Porque cuando empiezas a desenredar patrones que han vivido en tu linaje por generaciones, es un gran trabajo. Grande, de verdad. Requiere coraje. Requiere paciencia. Y está bien sentir duda. Está bien sentir miedo. Esos sentimientos no son señales de que estás haciendo algo mal. De hecho, creo que son señales de que estás haciendo algo muy, muy bien. Demuestran que realmente estás comprometiéndote con la profundidad del trabajo. Tuve una clienta una vez, estaba tan preocupada por volver a endeudarse que en realidad durmió con sus facturas bajo la almohada durante una semana, solo para "enfrentarlas". Pero ese acto, inició una conversación completamente nueva consigo misma.

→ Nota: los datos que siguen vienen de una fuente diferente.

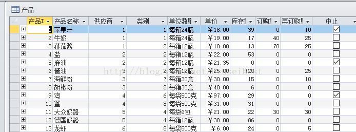 这个时候可以看出,和之前显示的数据不一样了,直接显示了数字的供应商ID和类别ID,也就是这个表中实际保存的值。

He visto a los más resilientes de mis clientes, personas que han movido montañas en sus propias vidas, aún luchar con momentos de "¿soy suficiente?". Y en esos momentos, la práctica no es luchar contra la duda. La práctica es volver al cuerpo. Volver a la respiración. Recordar que eres inherentemente digno/a, sin importar tu cuenta bancaria. O las historias que se reproducen en tu mente. Este camino de transformación, es un camino de profundización de la autoconfianza. Es un camino de aprender a sostenerte con inmensa dulzura, sin importar lo que surja. Así que, no estás solo/a en nada de esto, ni por un momento.
Llevando esta luz hacia adelante
Mientras cerramos suavemente nuestro tiempo juntos hoy, solo quiero que lleves esta luz dentro de ti. Esta nueva conciencia. Esta apertura. Recuerda que el viaje de sanar tu relación con el dinero, y realmente transformar cualquier mentalidad de escasez heredada, es un despliegue de toda la vida. No es un destino al que llegas, sino una danza hermosa y cada vez más profunda contigo mismo/a. Y con la vida misma.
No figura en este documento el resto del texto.